Exercise directions: Within the listing below, the lines to output run from the one containing "[ลด50%] โรจูคิส แอคเน่" through the one containing "為了滿足NGN業(yè)務的"; copy them exactly and nothing else.

Data to use:
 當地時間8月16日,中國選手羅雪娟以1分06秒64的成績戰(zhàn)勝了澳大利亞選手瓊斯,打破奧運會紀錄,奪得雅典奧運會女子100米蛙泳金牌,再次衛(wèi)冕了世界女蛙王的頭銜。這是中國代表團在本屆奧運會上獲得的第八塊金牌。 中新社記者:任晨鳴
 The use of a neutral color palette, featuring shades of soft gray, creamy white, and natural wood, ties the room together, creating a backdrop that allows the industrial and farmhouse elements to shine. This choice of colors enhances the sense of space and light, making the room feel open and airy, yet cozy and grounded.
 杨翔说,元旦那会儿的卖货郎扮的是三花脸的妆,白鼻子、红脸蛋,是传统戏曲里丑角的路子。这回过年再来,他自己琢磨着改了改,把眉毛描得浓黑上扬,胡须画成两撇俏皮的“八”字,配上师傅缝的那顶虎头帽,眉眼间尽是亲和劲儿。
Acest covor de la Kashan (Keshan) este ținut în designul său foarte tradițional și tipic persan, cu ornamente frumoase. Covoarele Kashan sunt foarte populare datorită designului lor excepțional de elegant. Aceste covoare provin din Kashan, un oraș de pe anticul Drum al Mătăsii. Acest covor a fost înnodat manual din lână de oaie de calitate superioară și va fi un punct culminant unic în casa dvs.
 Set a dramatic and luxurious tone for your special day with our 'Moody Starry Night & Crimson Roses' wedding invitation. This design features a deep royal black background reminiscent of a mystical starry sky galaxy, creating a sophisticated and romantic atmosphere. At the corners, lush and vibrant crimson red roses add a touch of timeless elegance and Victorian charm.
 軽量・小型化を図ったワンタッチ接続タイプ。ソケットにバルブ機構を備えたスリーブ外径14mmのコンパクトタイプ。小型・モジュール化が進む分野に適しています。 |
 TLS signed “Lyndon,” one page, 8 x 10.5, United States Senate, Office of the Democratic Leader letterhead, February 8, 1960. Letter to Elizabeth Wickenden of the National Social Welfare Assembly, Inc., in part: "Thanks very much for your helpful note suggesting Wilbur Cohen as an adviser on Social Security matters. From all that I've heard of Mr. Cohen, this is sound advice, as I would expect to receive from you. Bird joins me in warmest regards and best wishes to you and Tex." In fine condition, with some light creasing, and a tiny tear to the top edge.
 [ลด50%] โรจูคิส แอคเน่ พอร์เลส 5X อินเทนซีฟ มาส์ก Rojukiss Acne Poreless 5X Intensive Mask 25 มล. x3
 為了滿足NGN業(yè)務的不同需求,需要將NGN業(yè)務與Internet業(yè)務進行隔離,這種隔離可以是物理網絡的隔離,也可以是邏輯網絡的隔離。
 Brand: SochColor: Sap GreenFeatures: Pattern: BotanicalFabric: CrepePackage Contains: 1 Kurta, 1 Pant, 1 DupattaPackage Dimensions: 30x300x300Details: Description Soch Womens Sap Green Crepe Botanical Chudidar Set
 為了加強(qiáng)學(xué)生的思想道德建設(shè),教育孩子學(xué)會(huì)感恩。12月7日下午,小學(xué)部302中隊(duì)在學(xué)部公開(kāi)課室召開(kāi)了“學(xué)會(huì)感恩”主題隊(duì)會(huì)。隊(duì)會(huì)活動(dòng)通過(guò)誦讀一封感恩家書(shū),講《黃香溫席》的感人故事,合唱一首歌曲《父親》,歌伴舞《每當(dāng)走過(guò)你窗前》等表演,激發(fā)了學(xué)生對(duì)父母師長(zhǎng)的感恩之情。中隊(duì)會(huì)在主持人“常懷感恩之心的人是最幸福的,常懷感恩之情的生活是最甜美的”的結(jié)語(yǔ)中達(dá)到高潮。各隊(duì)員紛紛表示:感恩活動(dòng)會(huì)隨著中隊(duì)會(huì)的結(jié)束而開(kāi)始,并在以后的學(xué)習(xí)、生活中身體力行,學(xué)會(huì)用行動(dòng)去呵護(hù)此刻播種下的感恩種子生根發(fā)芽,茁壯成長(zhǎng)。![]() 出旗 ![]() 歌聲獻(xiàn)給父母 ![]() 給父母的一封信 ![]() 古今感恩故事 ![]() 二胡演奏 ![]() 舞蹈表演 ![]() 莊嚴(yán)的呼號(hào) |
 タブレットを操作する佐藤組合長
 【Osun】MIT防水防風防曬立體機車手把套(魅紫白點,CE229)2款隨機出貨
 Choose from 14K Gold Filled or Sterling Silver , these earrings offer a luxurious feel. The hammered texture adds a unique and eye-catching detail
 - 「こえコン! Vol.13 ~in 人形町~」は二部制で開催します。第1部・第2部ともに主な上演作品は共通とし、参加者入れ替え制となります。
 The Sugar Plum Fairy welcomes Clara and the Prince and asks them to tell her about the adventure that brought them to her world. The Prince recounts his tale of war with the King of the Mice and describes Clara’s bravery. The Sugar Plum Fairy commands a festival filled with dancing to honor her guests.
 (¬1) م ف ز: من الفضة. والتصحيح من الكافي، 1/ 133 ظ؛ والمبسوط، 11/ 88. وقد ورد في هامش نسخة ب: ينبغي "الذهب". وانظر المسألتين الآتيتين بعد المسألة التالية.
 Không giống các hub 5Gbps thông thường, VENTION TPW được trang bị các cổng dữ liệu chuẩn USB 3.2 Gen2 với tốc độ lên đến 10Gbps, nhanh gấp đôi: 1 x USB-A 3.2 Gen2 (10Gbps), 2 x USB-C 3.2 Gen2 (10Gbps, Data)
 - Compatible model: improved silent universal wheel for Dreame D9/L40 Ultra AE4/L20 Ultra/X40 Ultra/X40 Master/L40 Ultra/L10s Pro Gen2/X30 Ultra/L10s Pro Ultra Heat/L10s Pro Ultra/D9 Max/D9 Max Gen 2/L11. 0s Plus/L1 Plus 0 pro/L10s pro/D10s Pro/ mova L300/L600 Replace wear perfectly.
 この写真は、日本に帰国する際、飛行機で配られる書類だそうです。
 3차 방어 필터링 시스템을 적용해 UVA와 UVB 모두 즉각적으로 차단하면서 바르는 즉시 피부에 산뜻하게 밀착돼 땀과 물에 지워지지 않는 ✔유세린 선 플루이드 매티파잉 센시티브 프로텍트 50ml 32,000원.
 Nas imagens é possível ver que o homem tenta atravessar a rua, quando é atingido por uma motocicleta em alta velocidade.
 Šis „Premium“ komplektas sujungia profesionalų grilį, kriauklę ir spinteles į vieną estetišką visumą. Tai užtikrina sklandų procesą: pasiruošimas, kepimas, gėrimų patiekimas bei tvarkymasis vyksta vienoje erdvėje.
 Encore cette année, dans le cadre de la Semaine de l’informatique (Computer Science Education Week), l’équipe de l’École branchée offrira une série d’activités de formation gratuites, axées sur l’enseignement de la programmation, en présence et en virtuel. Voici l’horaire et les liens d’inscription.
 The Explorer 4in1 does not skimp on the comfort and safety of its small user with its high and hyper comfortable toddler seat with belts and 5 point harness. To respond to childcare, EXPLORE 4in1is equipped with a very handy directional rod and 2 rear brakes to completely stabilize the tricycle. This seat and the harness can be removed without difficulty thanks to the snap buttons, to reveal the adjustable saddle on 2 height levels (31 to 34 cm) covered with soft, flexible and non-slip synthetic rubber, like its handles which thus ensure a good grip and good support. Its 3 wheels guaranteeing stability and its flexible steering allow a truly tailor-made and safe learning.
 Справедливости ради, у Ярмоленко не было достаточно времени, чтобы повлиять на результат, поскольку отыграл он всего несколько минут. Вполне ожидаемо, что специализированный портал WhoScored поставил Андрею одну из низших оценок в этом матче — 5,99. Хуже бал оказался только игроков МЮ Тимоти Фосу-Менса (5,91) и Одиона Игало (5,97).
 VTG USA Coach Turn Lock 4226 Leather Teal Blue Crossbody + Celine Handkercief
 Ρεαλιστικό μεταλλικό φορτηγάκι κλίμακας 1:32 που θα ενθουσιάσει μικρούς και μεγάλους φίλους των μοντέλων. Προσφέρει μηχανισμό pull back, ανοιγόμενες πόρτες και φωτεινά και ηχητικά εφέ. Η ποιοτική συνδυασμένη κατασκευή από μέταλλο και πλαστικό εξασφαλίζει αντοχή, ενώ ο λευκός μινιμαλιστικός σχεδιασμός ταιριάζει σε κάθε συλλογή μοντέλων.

Answer below:
 [ลด50%] โรจูคิส แอคเน่ พอร์เลส 5X อินเทนซีฟ มาส์ก Rojukiss Acne Poreless 5X Intensive Mask 25 มล. x3
 為了滿足NGN業(yè)務的不同需求,需要將NGN業(yè)務與Internet業(yè)務進行隔離,這種隔離可以是物理網絡的隔離,也可以是邏輯網絡的隔離。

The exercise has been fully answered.